Hingga akhirnya Petra tidak kuat lagi menahan kantuk dan pada jam pelajaran kosong karena guru mata pelajaran Kebudayaan Modern berhalangan tidak bisa mengajar ia pun tertidur diatas mejanya. Terlelap kelelahan tanpa ada apapun yang bisa mengganggunya.

"Wah...hebat Petra. Kamu berhasil memecahkan rekor terbaru di SMA Metropol loh. Tidur pulas saat jam pelajaran hingga sekolah selesai." puji Steven menyindir penuh kemenangan melihat wajah Petra yang kebingungan saat menyadari isi kelasnya sudah kosong.

"Kenapa kamu bisa ada disini. Ini bukan kelas tiga kalau kamu melupakannya. Cepat pergi." usir Petra yang hendak meletakkan kepalanya kembali keatas meja, untuk melanjutkan tidur.

"Apa kamu tidak ingin pulang? Ayo aku antar." kata Steven menawarkan diri.

"Apa maumu sebenarnya Stev?" tanya Petra kesal, memalingkan wajah ke arah yang berlawanan.

"Tidak ada. Mungkin hanya ingin menghiburmu karena kehilangan kakak imajinermu itu." bisik Steven setengah tertawa.

"Bukan lelucon, asal kamu tahu saja. Lagi pula aku tidak perlu penghiburan darimu sama sekali." celetuk Petra tidak senang mendengar perasaan yang tadi malam ia coba benahi terpaksa diobrak abrik dengan sengaja oleh Steven.
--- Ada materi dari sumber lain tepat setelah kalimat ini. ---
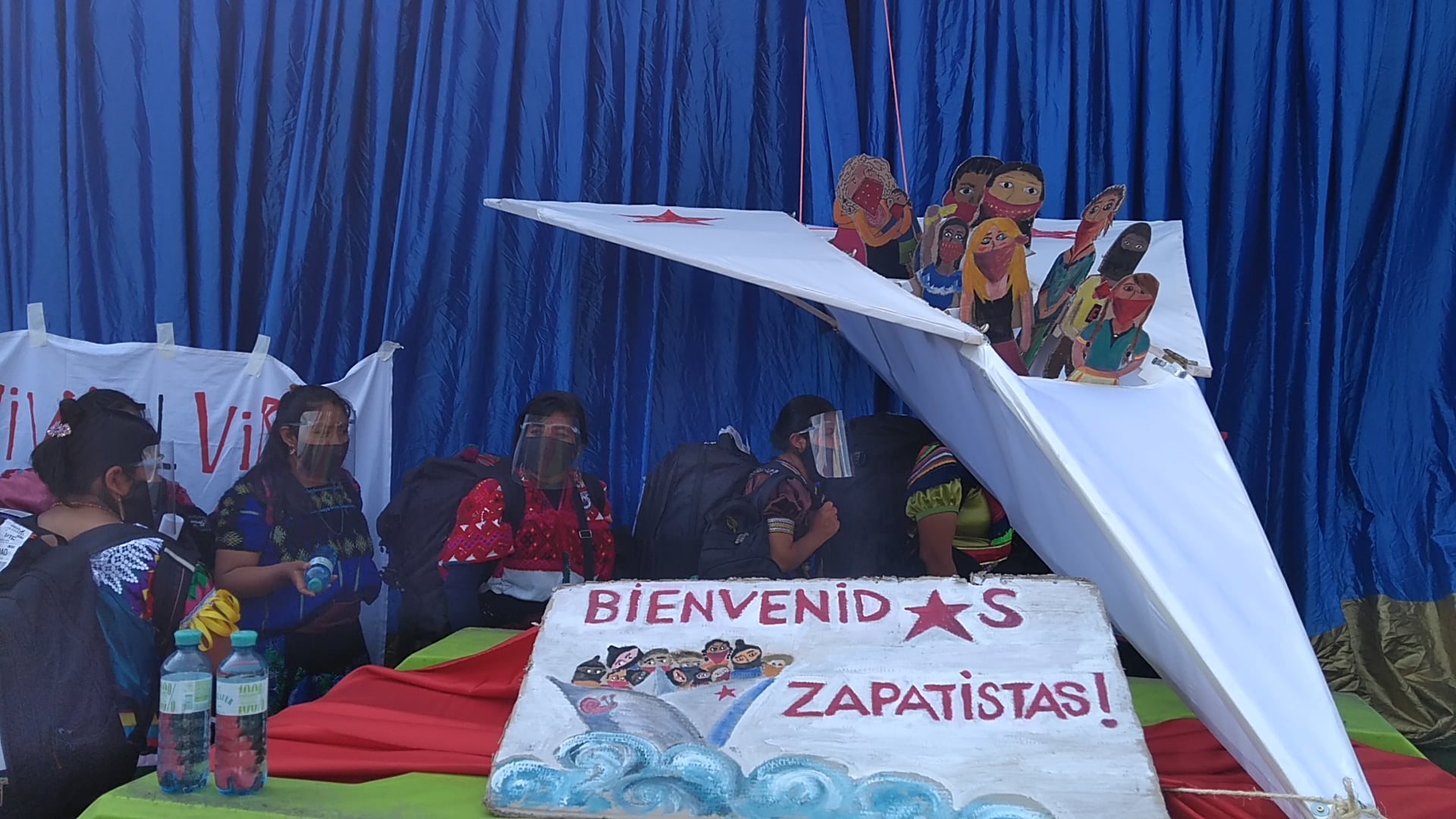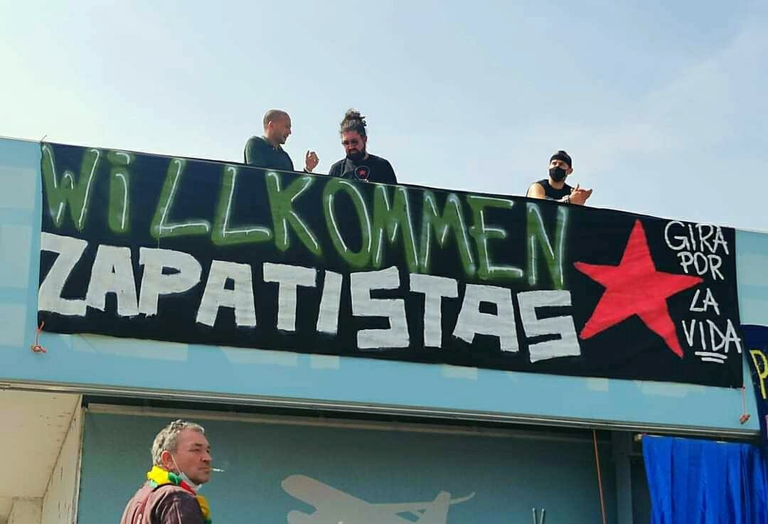 Αλληλέγγυοι-ες με υποδέχτηκαν τραγούδια και συνθήματα την μεγάλη αντιπροσωπεία των ζαπατίστας που αποτελείται από 28 ομάδες «Ακρόασης και Λόγου» (με 4 ή 5 συντρόφισσες και συντρόφους η καθεμία), 1 ομάδα «Παιχνιδιού και Σκανταλιάς» και 1 ομάδα Συντονισμού. Οι ομάδες αυτές έχουν προσκληθεί για να επισκεφτούν 28 γωνιές της ευρωπαϊκής γεωγραφίας – και μία από αυτές τις γωνιές είναι και η ελληνική.

"Aku serius loh. Apa kamu lihat wajahku yang sedang bercanda? Tidak kan?" ucap Steven membela diri.

"Justru wajah tidak bersalahmu itu yang menandakan kamu sedang mengejekku dengan serius." tukas Petra kesal bukan main. Semakin dilayani ocehan Steven semakin tidak jelas arah ujung pangkal pembicaraan yang dia katakan.

"Hahahahaha, itu yang aku suka darimu Petra. Jujur, apa adanya." imbuh Steven lalu melangkah pergi meninggalkan Petra sendirian dikelas sore itu.

"Terserah kamu saja." desah Petra lirih.

Petra memandang kearah jendela disamping kirinya. Langit sore berwarna orange bercampur birunya langit dengan awan putih hanya mengingatkan Petra akan masa kecilnya.

Terlepas dari itu semua, ada yang tidak Petra sadari adalah sosok pemuda yang sejak tadi memperhatikan dari jauh. Saat Petra masih pulas tertidur dikelas. Saat Steven diam-diam memasuki kelas Petra yang mulai kosong. Saat Petra berbicara dengan Steven. Saat Steven yang enggan pergi meninggalkan Petra, namun segera menyadari kehadiran dirinya sehingga terpaksa melangkah menjauh.

Lyon ada disana, dipojok lorong memperhatikan Petra dengan tatapan dinginnya yang biasa.